I want to make sure that from you that, is this a correct way to scale the required processing capabilities by the use of a weight-factor, in the case of virtual-machines.
If yes, are there any related studies or proof of concepts to use this mechanism of determining the number of processors required for a virtual-machine?
In general; for SMT (e.g. hyper-threading) on 80x86 CPUs; with all logical CPUs within a core doing work:
If all logical CPUs are using different resources (e.g. maybe one using SSE instructions and another using general purpose integer instructions); each logical CPU may be as fast as it would be if it was the only logical CPU using the core
If all logical CPUs are fighting for the same resource/s, the performance of the core may be equally divided by the logical CPUs (e.g. with 2 logical CPUs per core, each logical CPU might get half of the performance it would have if it was the only logical CPU using the core).
Note that this may also apply to AMD's Bulldozer (even though it's not considered SMT), where the FPU is shared between cores but the rest of the core is not (in other words, if both cores are pounding the FPU at the same time then performance of both cores will be effected).
This means that (e.g.) for a 2.3 GHz core with 2 logical CPUs per core, each logical CPU may get (the crude equivalent of) anything from 0.75 GHz to 3.4 Ghz; depending on the exact code that each logical CPU happens to be executing and various power management conditions (thermal throttling, turbo-boost, etc).
However, actual performance also depends on things like caches (and cache sharing), RAM chip bandwidth, and virtual machine overheads (which vary from "extreme" for code causing a huge number of VMEXITs to almost nothing).

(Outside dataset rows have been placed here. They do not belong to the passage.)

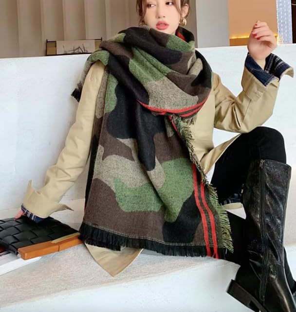 More information about Secret for Longevity Oversize Unisex Heavy Weight Wool Feeling Brown Black Army Green Beige Camouflage Red Trim Poncho Cape Travel Blanket Winter Shawl Scarf 33" Wide x 72" Long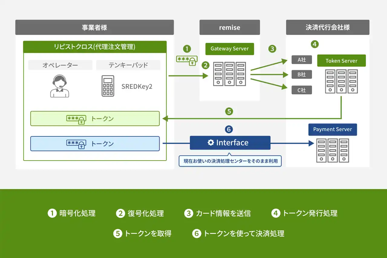 今回の連携により、リピストクロスの「代理注文管理」とルミーズのコールセンター向けMOTOソリューションを組み合わせることで、コールセンター業務でも安全にカード決済が行えます。電話で受け付けたカード情報はテンキーパッド「SREDKey2」で入力し、カード情報の処理・伝送・保管はすべてルミーズが担うため、事業者はセキュリティリスクを気にせず、これまでのワークフローを大きく変えることなく導入が可能です。 |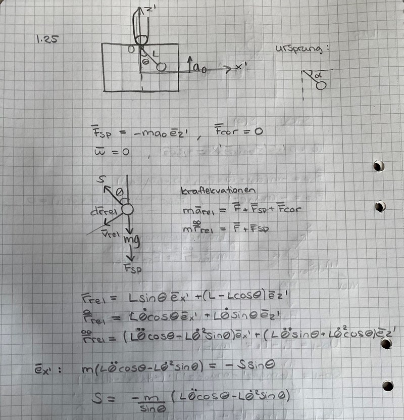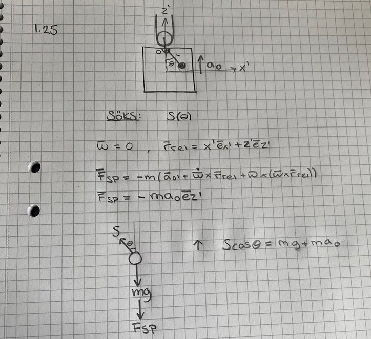 2. Kraftekvationen ställs väl då upp som marel = F + Fsp + Fcor ? Men hur bestämmer man arel? Är det partikeln relativa acceleration väl? Är det roo (ring ring) ?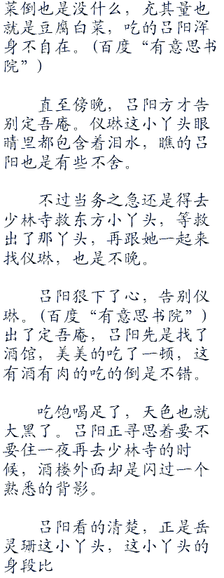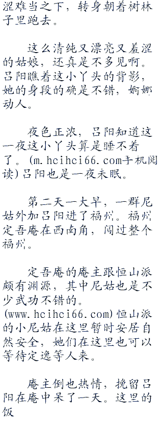 仪琳抿了唇,月光下绝美的脸颊带了几分羞涩,淡淡道,“吕大哥,这一路以来辛苦了,可是明天就可以到福州定吾庵了。”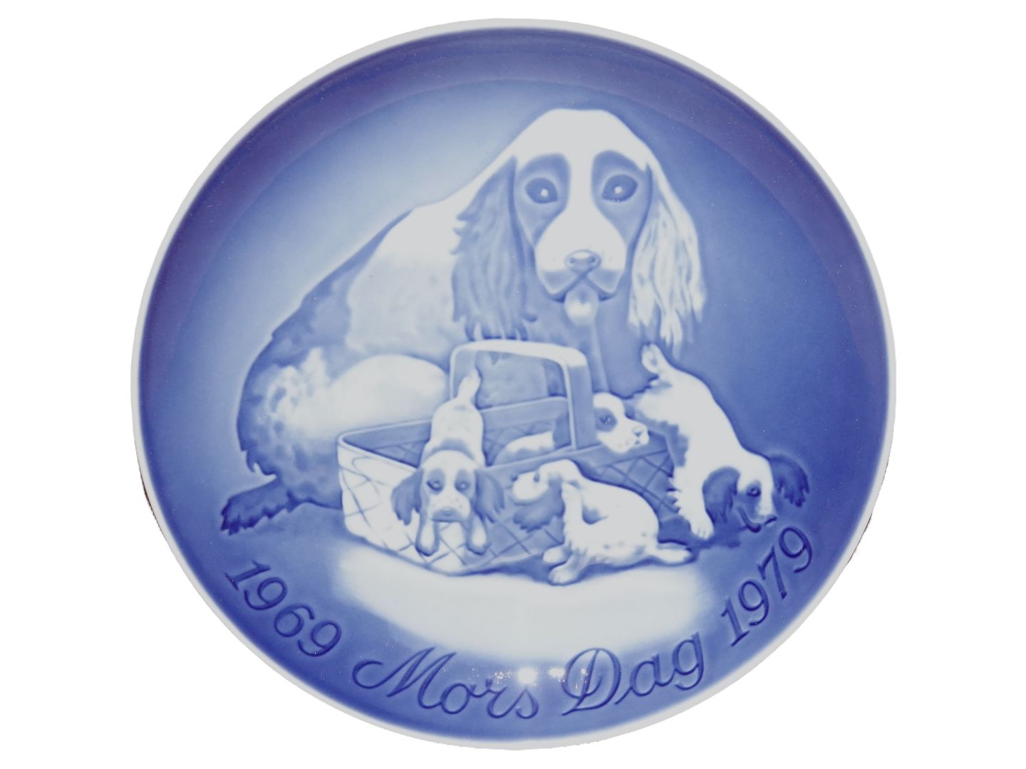 Stor Bing & Grøndahl Mors Dag 5 Års jubilæumsplatte fra 1979, cockerspaniel med hvalpe.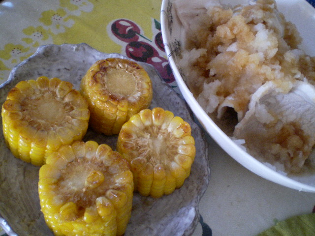 豚しゃぶ&焼きトウモロコシ。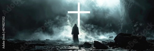 cross, figure, silhouette, mist, fog, dark, gloomy, light, heaven, god, religion, belief, spiritual, faith, holy, divine, mystery, hope, salvation, christianity, catholic, religious, fantasy, dramatic, art, concept, inspiration, gothic, shadow, symbol, cave, rocky, path, sky, ground, landscape, black, white, grey, monochrome, photo, digital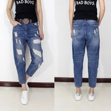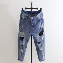 2017新款大破洞哈伦加肥加大码牛仔裤女宽松九分裤显瘦乞丐垮裤潮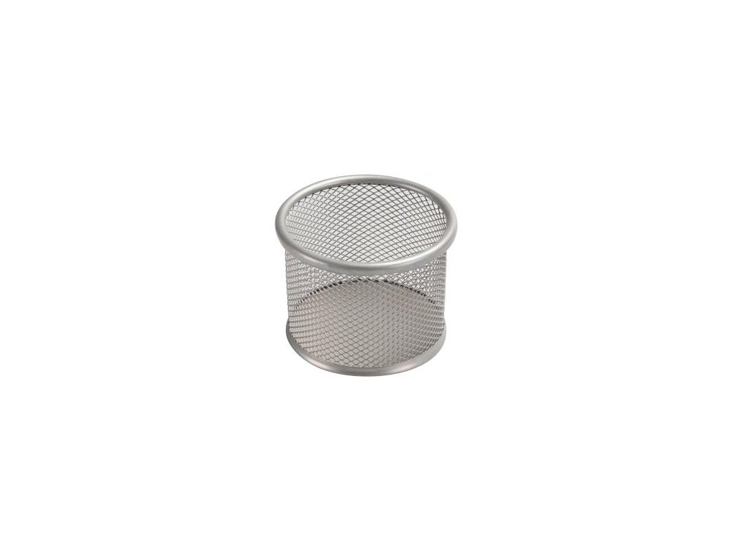 Stojan na kancelárske spony v drôtenej úprave. Priemer 90 mm, výška 68 mm. Farba strieborná.Dodatočné parametre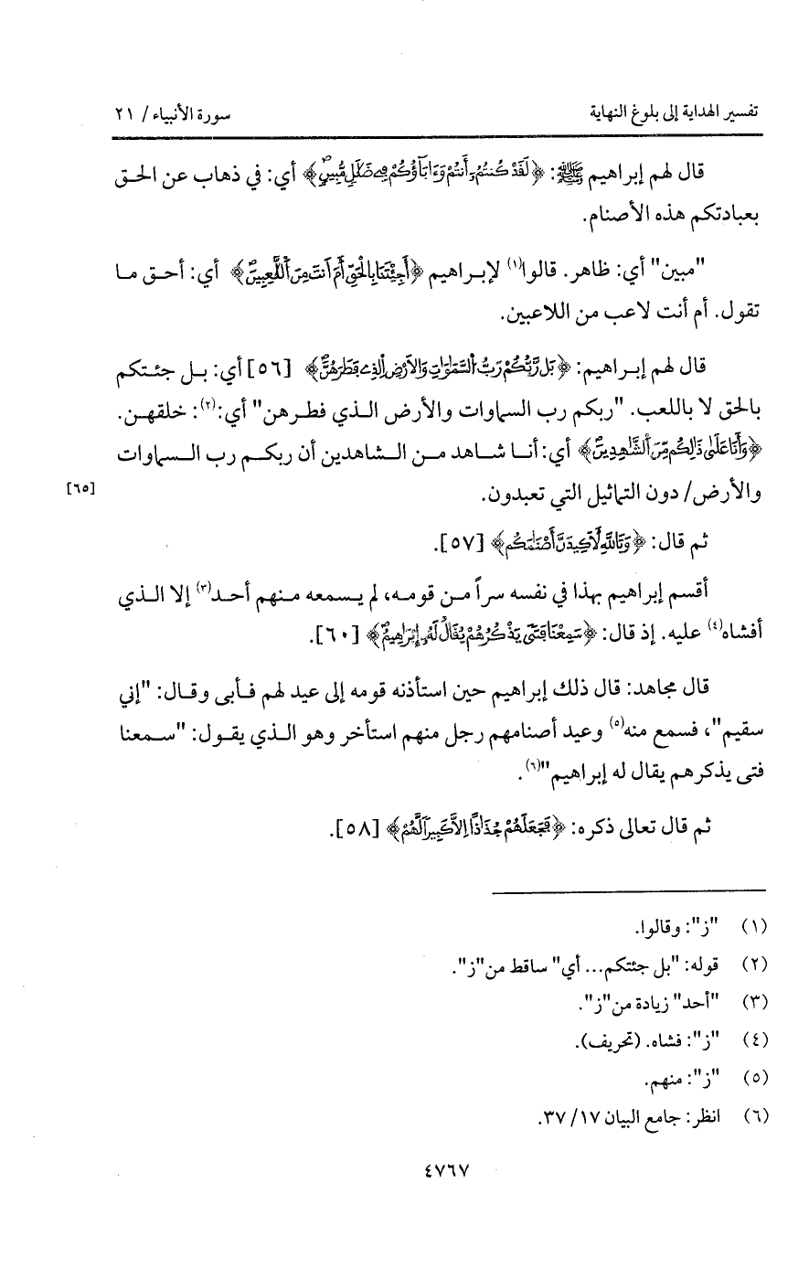 قال لهم إبراهيم: {بَل رَّبُّكُمْ رَبُّ السماوات والأرض الذي فطَرَهُنَّ} أي: بل جئتكم بالحق لا باللعب. " ربكم رب السماوات والأرض الذي فطرهن " أي: خلقهن. {وَأَنَاْ على ذلكم مِّنَ الشاهدين} أي: أنا شاهد من الشاهدين أن ربكم رب السماوات والأرض/ دون التماثيل التي تعبدون.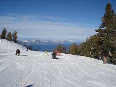 The Heavenly ski resort offers runs of all difficulty levels and numerous challenging (ungroomed) tree runs. The tree line is around 3,000 meters, so the slopes lead down through forest clearings. Only in the uppermost area of the ski resort are there sparse forests. This makes it an ideal terrain for powder skiing in the glades and bowls. While skiing and snowboarding, you always have a magnificent view of the deep blue Lake Tahoe. Beginners will find their area at several base and mountain stations, with easy slopes and dedicated lifts.

With this in mind (e.g.) for a 2.3 GHz core, each logical CPU may get (the crude equivalent of) anything from a few hundred MHz to 3.4 Ghz; depending on many factors.
Essentially; your "weight" should be any random number from 0.1 to 1.0 depending on a bunch of stuff that you can't/won't know.
Fortunately, any code running inside the virtual machine is likely to be designed to handle a wide variety of different CPUs each with a wide variety of speeds; so it's enough to just assign any CPU to the virtual machine and let the software running inside the virtual machine adapt to whatever performance it was given.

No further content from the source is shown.